Dataset excerpt:
+++

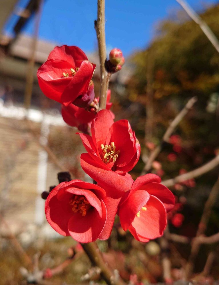 庭の木瓜が真っ赤に開き、青空の下とても綺麗でした。
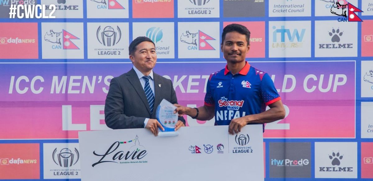 नेपालका लागि पूर्वकप्तान सन्दीप लामिछानेले १० ओभरमा ४५ रन दिएर महत्वपूर्ण ४ विकेट लिएका थिए । झण्डै ६ महिनापछि मैदान फर्किएका उनले यो सिरिजमा ४ खेलमा १३ विकेट लिए । करण केसीले तीन विकेट लिँदा कुशल मल्ल र ललित राजवंशीले समान एक/एक विकेट लिएका थिए ।
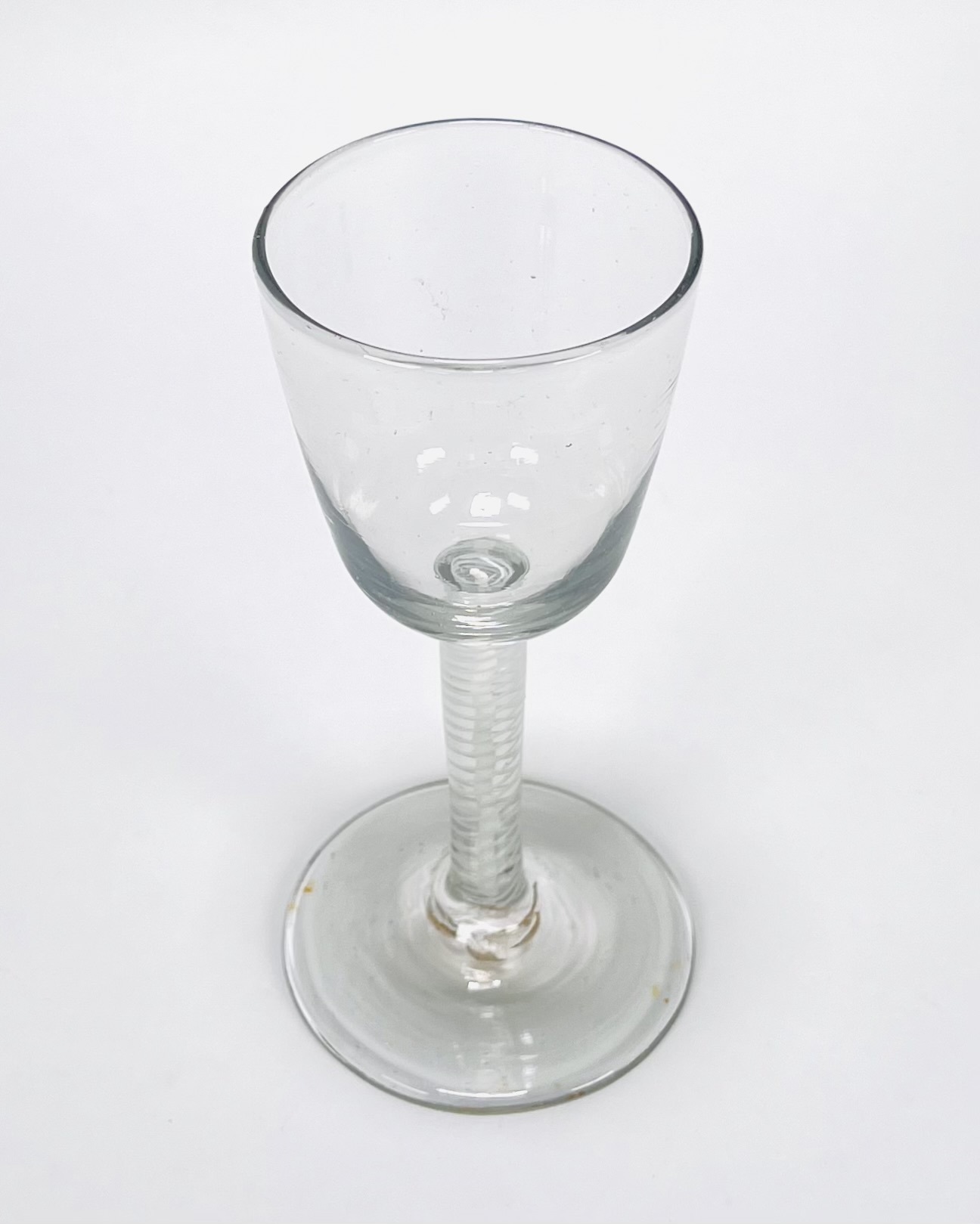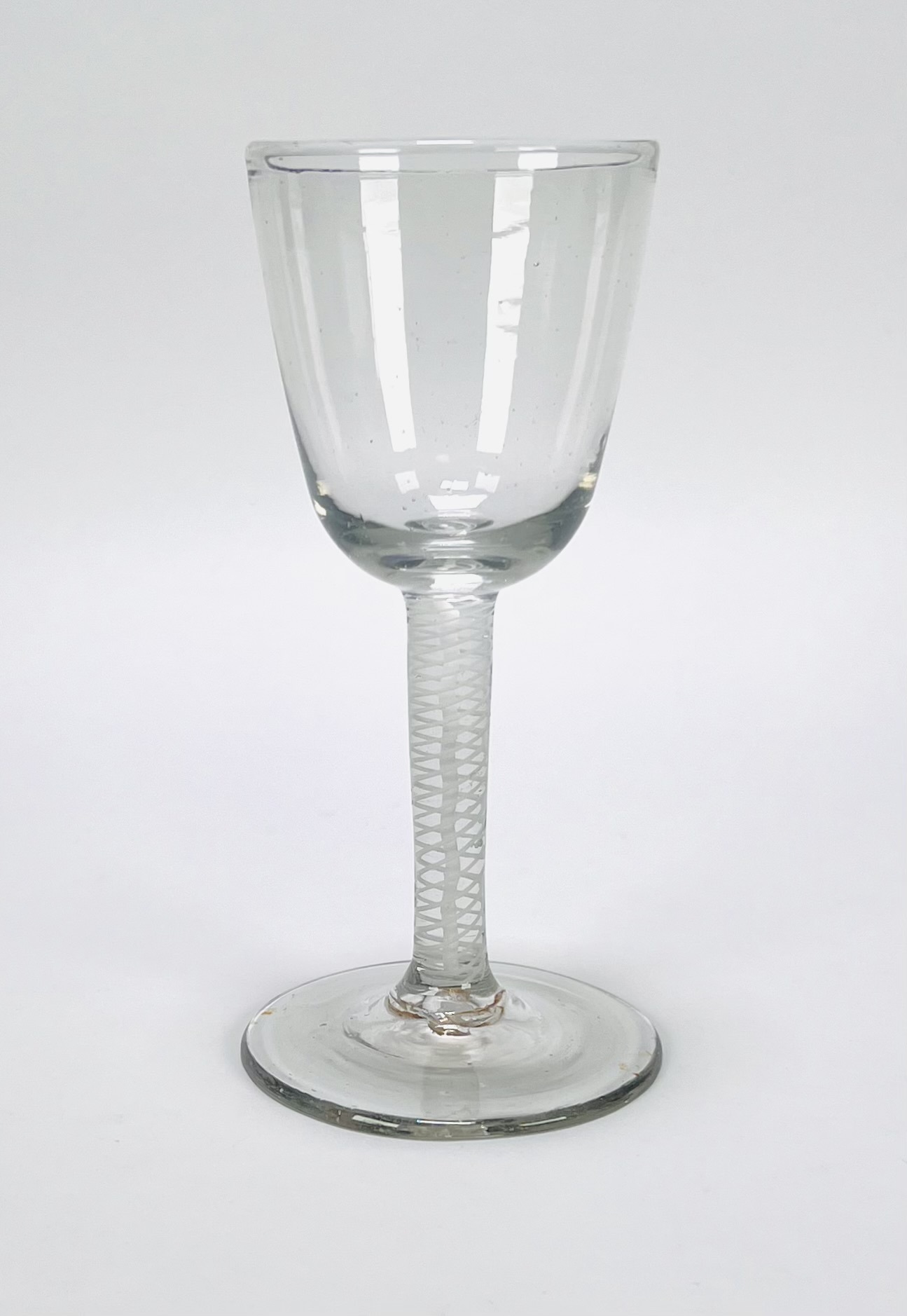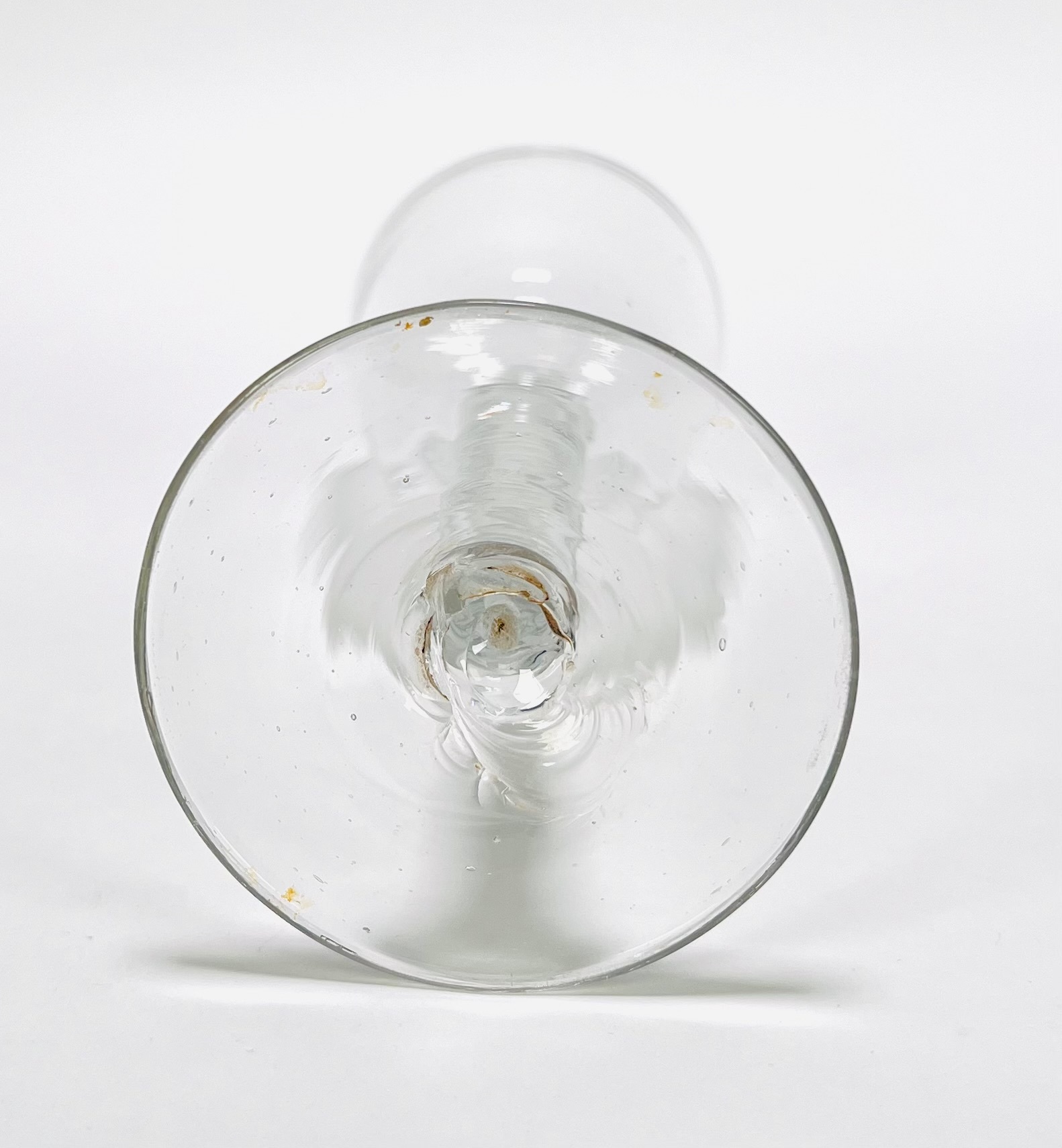 Slingerglas, 18e eeuw, met spiraalvormige luchtinsluiting en witte latticino-decoratie in de holle stam, vervaardigd uit helder mondgeblazen glas met tulpvormige kelk en ronde schijfvoet. Datering circa 1750–1780, Engeland. Het glas toont de kenmerkende air-twist-techniek van rococo-glasblazerijen en werd ambachtelijk gevormd met zichtbaar pontil aan de onderzijde, typerend voor vroeg handgemaakt tafelglas uit deze periode. Eerst dit glas zien voordat je biedt? Bezoek onze kijkdagen op 28, 29 en 30 november van 11:00 tot 17:00 uur! |

+++

Write out each line of the data above exactly, starting at the top and finishing with the line containing "नेपालका लागि पूर्वकप्तान"; omit the pictures.

Output below:
 庭の木瓜が真っ赤に開き、青空の下とても綺麗でした。
 नेपालका लागि पूर्वकप्तान सन्दीप लामिछानेले १० ओभरमा ४५ रन दिएर महत्वपूर्ण ४ विकेट लिएका थिए । झण्डै ६ महिनापछि मैदान फर्किएका उनले यो सिरिजमा ४ खेलमा १३ विकेट लिए । करण केसीले तीन विकेट लिँदा कुशल मल्ल र ललित राजवंशीले समान एक/एक विकेट लिएका थिए ।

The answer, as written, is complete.